What did you think of Xi Jinping's speech at the virtual World Economic Forum?

Well, his last speech at the real World Economic Forum in Davos, I remember being there four years ago, and given that Trump had just been elected, Xi Jinping gives this big, "We want to stand up and be leaders while the Americans are doing America first." And generally speaking, was probably the most important speech of the week. People liked it. This is a pretty different environment, not so much because Trump has gone, but rather because support and belief in Xi Jinping is pretty low. I will say one thing that was generally well responded to was the call not to enter into a new Cold War. Anybody in the business community generally supports that. There's so much integration and interdependence between the US and the Chinese economies that when Xi Jinping says, "We need to find ways to continue to work together," I mean, this is the pro-globalization audience he's speaking to. They generally agree. But otherwise, the message fell pretty flat.
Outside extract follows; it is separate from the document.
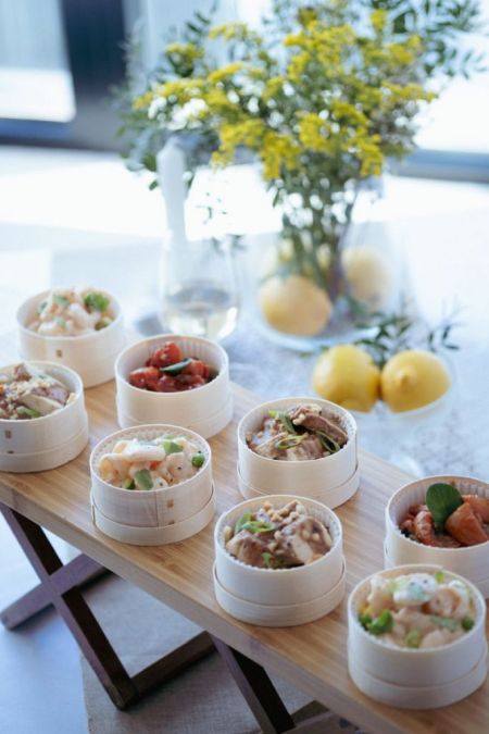 Buffet déjeuner élégant | Saumon gravlax, risotto de légumes au parmesan, tataki de bœuf aux herbes |

So, the idea that China is going to be globally useful on issues of leadership, especially when it comes to anything that might threaten Beijing's sovereignty, they check global norms at the door. And a few examples of that, when Xi called for support for the rules-based international order, that's in obvious contrast with China's violation of the one country, two systems framework in Hong Kong. And they said, "Well, that's a domestic issue." Well, actually that's not what your agreement was with the British handover. And just because you're more powerful doesn't mean that norm doesn't matter anymore.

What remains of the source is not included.